Saved entries
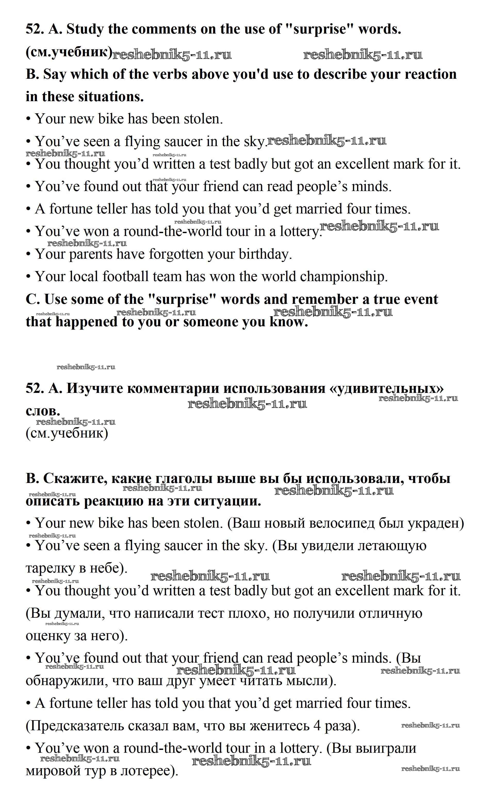 Готовая домашняя работа с ответами по Английскому языку за 11 класс Афанасьева, Михеева Учебник Углубленный уровень Просвещение 2015 ФГОС - Unit 3. Wonders of the World 52
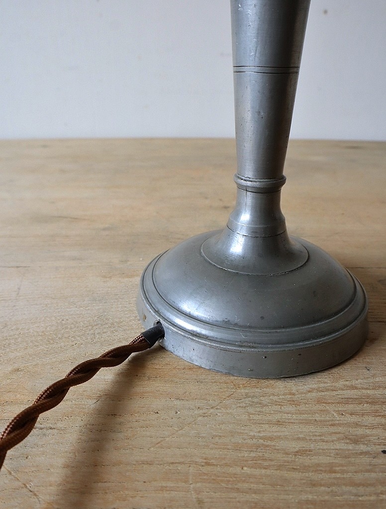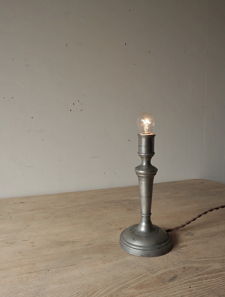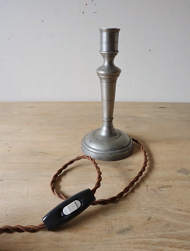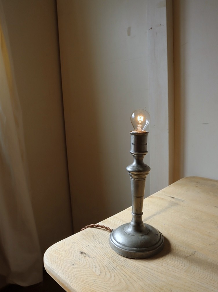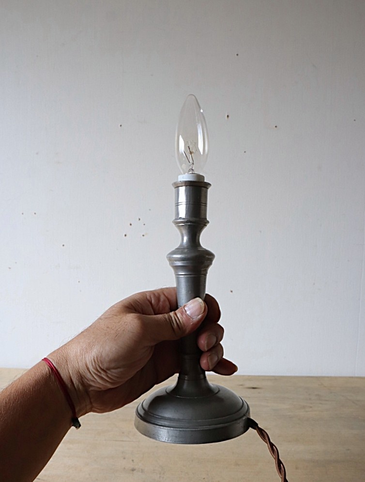 フランスの古い燭台を使い、ソケットとコードを取り付けてリメイクした古道具紫山オリジナルのスタンド型ライトになります。
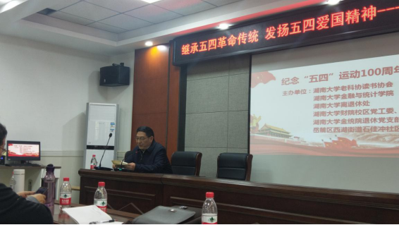 2019年4月30日上午8时30分,五四运动100周年纪念会在石佳冲社区会议室顺利开展。本次活动由sunbet集团中国官网入口老科协读书协会、sunbet集团中国官网入口、sunbet集团中国官网入口离退休处、sunbet集团中国官网入口财院校区管委会、sunbet集团中国官网入口金统院退休党支部和岳麓区西湖街道石佳冲社区联合主办。sunbet集团中国官网入口离退休处党委书记唐怡文、sunbet集团中国官网入口党委书记聂国军、党委副书记刘周平、财院校区管委会党委书记晏艳阳、管委会主任胡宗义以及石佳冲社区党支部书记刘道平莅临了会议现场。与会成员还包括sunbet集团中国官网入口老科协读书协会成员、sunbet集团中国官网入口离退休老教师以及sunbet集团中国官网入口学生代表团。
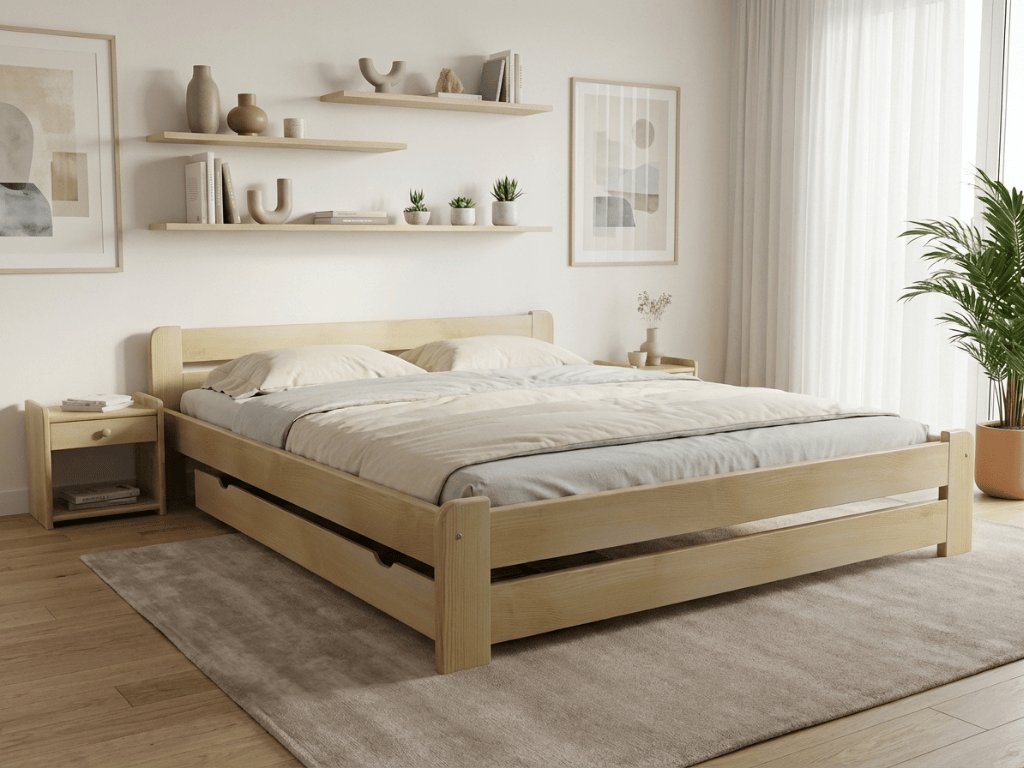 Wysokiej jakości łóżka z litego drewna najczęściej wykonywane są z drewna dębowego, bukowego lub sosnowego, czyli sprawdzonego od lat materiału. Wraz z solidną konstrukcją łóżko ma długą żywotność bez śladów uszkodzeń. Łóżka z litego drewna posiadają klasyczną ramę lub szkielet łóżka oraz stelaż. Przestrzeń do przechowywania w tym samym designie to dziś duży bonus. Łóżka z litego drewna są mocne, trwałe i bezpieczne dla zdrowia.
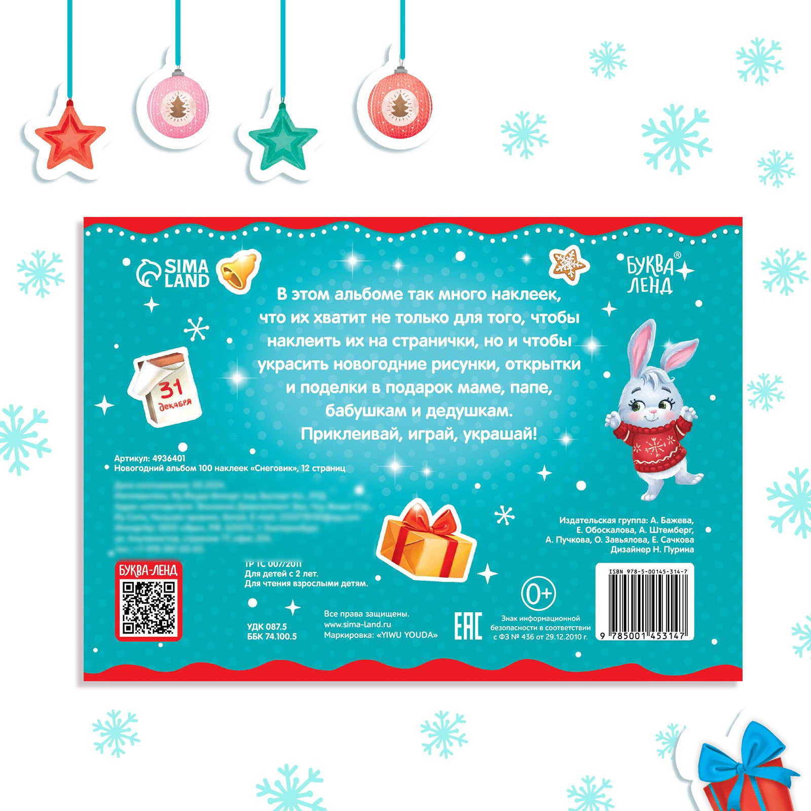 Альбом 100 наклеек "Снеговик", 12 стр., 15x21x0.2 см., БУКВА-ЛЕНД, Китай
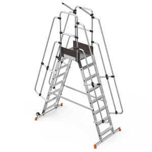Schody magazynowe dwustronne 7 stopnie + podest mostek z wejściem dwustronnym
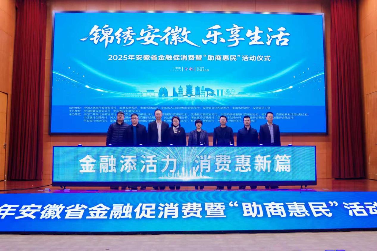12月26日,2025年安徽省金融促消费暨“助商惠民”活动仪式举行。中国人民银行安徽省分行以及安徽省商务厅、省财政厅、省人社会厅、省文旅厅、省民政厅等部门,中国银联安徽分公司及全省23家商业银行齐聚中国银行安徽省分行会议厅,共同擘画“金融添活力,消费惠新篇”的新蓝图。
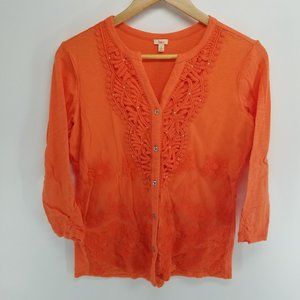 Reba orange embroidered netting stud button up shirt size S

- _Required action_
When an image appears in the data, skip it and output the rest exactly.

- _Completed task_
 Готовая домашняя работа с ответами по Английскому языку за 11 класс Афанасьева, Михеева Учебник Углубленный уровень Просвещение 2015 ФГОС - Unit 3. Wonders of the World 52
 フランスの古い燭台を使い、ソケットとコードを取り付けてリメイクした古道具紫山オリジナルのスタンド型ライトになります。
 2019年4月30日上午8时30分,五四运动100周年纪念会在石佳冲社区会议室顺利开展。本次活动由sunbet集团中国官网入口老科协读书协会、sunbet集团中国官网入口、sunbet集团中国官网入口离退休处、sunbet集团中国官网入口财院校区管委会、sunbet集团中国官网入口金统院退休党支部和岳麓区西湖街道石佳冲社区联合主办。sunbet集团中国官网入口离退休处党委书记唐怡文、sunbet集团中国官网入口党委书记聂国军、党委副书记刘周平、财院校区管委会党委书记晏艳阳、管委会主任胡宗义以及石佳冲社区党支部书记刘道平莅临了会议现场。与会成员还包括sunbet集团中国官网入口老科协读书协会成员、sunbet集团中国官网入口离退休老教师以及sunbet集团中国官网入口学生代表团。
 Wysokiej jakości łóżka z litego drewna najczęściej wykonywane są z drewna dębowego, bukowego lub sosnowego, czyli sprawdzonego od lat materiału. Wraz z solidną konstrukcją łóżko ma długą żywotność bez śladów uszkodzeń. Łóżka z litego drewna posiadają klasyczną ramę lub szkielet łóżka oraz stelaż. Przestrzeń do przechowywania w tym samym designie to dziś duży bonus. Łóżka z litego drewna są mocne, trwałe i bezpieczne dla zdrowia.
 Альбом 100 наклеек "Снеговик", 12 стр., 15x21x0.2 см., БУКВА-ЛЕНД, Китай
Schody magazynowe dwustronne 7 stopnie + podest mostek z wejściem dwustronnym
12月26日,2025年安徽省金融促消费暨“助商惠民”活动仪式举行。中国人民银行安徽省分行以及安徽省商务厅、省财政厅、省人社会厅、省文旅厅、省民政厅等部门,中国银联安徽分公司及全省23家商业银行齐聚中国银行安徽省分行会议厅,共同擘画“金融添活力,消费惠新篇”的新蓝图。
 Reba orange embroidered netting stud button up shirt size S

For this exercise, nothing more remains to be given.